Elias B. Issa
Zoom link emailed to symposium registrants
Deep neural networks (DNNs) optimized for real-world object classification are the leading models for predicting neural responses in inferior temporal cortex (IT). However, further optimizing DNNs for classification accuracy produces a saturating trend for predicting IT neural responses -- potentially because pure performance optimization favors representations explicitly encoding information about object class at the expense of representing other sources of image-by-image variance. Here, we performed a meta-analysis of current DNNs to identify additional representational properties underlying neural predictivity beyond ImageNet classification accuracy (n=47 models). We show that representations separating scene identity from (1) viewpoint transforms (different crops of an image or camera position in a natural movie) or (2) appearance transforms (lighting and color variation) were highly predictive of the best models of high-level visual cortex across all four datasets tested -- two neural datasets in monkeys and two human fMRI datasets.
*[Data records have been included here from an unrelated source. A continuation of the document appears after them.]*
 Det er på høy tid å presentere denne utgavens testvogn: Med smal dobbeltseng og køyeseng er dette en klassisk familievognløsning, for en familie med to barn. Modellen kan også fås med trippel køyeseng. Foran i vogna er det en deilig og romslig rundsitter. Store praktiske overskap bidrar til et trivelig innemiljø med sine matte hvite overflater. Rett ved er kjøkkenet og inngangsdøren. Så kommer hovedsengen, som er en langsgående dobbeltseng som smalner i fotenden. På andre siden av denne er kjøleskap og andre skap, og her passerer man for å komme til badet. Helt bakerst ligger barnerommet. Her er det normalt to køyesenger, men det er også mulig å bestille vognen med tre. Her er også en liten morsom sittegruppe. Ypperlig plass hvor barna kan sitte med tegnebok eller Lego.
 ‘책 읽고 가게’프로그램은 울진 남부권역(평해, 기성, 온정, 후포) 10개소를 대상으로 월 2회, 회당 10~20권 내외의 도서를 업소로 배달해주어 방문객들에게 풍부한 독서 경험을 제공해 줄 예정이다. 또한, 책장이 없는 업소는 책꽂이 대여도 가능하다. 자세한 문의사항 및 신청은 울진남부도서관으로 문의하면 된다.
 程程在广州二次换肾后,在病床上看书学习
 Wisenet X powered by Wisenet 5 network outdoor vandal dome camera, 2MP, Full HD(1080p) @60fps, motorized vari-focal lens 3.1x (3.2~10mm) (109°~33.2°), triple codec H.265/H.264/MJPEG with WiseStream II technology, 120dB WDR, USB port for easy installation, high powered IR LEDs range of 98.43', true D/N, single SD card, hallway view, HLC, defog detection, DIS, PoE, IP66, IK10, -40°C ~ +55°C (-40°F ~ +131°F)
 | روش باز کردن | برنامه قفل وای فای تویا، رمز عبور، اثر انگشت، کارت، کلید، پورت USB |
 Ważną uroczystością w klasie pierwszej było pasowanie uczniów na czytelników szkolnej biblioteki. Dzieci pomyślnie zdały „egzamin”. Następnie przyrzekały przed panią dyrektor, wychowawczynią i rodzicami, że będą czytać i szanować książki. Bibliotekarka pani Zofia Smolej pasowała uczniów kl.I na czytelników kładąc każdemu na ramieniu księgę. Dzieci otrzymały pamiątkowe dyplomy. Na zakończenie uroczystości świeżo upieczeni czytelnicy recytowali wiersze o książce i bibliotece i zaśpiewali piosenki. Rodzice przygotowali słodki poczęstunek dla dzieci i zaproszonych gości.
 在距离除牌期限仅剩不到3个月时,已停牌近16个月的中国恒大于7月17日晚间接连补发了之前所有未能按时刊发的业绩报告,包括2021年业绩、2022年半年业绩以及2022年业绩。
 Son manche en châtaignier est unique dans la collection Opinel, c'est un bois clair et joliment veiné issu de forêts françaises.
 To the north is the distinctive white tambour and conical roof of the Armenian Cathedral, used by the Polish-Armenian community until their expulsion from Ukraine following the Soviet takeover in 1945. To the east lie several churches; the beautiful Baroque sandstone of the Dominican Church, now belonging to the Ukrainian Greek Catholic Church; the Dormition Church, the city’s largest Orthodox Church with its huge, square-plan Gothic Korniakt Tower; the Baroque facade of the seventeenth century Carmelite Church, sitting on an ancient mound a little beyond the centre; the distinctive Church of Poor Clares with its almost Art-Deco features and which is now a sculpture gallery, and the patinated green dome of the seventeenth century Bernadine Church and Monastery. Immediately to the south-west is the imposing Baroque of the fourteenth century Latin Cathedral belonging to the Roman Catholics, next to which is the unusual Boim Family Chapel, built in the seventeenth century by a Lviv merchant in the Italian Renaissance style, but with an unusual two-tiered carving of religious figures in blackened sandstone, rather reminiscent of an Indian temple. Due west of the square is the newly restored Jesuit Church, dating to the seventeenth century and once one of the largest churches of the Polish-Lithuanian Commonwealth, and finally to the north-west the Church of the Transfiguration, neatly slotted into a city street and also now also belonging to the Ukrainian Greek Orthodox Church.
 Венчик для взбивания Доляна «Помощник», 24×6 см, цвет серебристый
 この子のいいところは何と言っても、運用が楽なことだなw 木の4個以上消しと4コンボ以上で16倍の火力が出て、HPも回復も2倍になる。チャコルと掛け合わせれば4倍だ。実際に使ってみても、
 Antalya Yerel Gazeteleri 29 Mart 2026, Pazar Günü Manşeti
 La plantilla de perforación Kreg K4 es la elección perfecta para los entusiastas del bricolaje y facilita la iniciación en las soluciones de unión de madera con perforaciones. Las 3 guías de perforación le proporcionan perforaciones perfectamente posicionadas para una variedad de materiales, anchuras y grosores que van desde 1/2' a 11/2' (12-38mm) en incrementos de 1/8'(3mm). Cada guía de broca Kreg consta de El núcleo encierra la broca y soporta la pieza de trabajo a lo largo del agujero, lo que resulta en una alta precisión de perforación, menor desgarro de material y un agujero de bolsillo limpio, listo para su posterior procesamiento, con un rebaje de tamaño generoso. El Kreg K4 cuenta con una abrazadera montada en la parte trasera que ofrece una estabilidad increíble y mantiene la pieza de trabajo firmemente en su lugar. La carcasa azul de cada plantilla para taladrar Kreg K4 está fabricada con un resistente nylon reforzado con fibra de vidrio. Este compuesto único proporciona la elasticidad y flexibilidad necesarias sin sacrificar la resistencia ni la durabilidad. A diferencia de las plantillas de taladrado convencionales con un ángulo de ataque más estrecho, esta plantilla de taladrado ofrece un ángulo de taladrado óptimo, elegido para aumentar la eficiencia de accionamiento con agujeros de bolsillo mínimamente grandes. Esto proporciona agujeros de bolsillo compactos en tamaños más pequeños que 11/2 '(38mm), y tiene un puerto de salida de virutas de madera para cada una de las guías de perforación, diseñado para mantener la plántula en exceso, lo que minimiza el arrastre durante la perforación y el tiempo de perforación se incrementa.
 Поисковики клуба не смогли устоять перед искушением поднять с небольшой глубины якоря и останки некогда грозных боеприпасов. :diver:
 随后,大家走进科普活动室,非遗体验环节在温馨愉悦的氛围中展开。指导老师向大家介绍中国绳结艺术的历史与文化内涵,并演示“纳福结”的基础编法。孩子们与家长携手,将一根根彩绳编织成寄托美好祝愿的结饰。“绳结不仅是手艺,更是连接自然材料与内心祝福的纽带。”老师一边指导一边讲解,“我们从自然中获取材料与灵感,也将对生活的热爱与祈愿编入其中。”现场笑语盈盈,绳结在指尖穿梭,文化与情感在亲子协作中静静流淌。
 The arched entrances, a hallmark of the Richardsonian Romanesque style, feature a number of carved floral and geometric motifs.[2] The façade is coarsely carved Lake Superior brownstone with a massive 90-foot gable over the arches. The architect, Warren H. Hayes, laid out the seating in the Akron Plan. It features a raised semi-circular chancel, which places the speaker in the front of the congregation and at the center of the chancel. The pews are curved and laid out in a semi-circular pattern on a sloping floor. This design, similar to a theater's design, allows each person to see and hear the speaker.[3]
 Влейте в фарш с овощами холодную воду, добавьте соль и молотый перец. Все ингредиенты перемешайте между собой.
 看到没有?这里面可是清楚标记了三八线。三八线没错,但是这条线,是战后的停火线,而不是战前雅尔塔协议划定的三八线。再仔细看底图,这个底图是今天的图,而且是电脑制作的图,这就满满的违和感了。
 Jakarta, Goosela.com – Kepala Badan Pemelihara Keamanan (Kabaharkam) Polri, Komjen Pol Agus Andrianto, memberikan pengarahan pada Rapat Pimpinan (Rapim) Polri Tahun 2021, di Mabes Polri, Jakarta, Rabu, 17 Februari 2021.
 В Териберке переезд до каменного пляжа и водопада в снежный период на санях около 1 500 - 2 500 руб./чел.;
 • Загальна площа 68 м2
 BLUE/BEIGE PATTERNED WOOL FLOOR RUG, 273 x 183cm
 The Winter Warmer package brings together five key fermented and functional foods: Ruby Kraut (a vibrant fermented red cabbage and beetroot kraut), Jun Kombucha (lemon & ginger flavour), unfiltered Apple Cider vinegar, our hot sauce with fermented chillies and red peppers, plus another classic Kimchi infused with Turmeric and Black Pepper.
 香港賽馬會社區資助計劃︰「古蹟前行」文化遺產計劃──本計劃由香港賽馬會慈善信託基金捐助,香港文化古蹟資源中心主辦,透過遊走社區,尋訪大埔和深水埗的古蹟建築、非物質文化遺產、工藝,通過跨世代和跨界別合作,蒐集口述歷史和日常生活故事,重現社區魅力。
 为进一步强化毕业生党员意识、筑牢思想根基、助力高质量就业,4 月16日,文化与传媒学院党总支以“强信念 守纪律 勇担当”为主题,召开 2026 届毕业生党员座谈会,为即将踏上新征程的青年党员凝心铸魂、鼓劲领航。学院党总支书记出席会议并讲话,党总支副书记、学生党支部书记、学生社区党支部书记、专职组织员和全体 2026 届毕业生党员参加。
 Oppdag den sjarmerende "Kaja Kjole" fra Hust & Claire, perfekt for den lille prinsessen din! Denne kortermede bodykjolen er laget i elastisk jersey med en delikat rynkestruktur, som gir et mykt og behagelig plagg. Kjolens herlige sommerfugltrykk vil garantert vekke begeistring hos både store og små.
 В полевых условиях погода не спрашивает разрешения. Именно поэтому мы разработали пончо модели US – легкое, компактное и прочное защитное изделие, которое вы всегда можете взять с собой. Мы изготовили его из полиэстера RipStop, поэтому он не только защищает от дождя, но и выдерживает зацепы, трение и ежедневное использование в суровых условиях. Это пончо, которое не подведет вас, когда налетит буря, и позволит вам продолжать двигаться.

Intriguingly, factorizing (as opposed to invariance to) scene viewpoint into a different subspace from scene identity information was predictive of neural fits as was complete invariance to a scene’s appearance. Furthermore, factorizing a foreground object’s motion alone was not nearly as predictive as factorizing camera motion, the joint motion of all objects in a scene. These metrics retained moderate predictive power even when accounting for ImageNet classification accuracy. Thus, overall scene coding strategies -- camera viewpoint factorization and invariance to appearance -- may provide new insight into the goals of high-level visual cortex.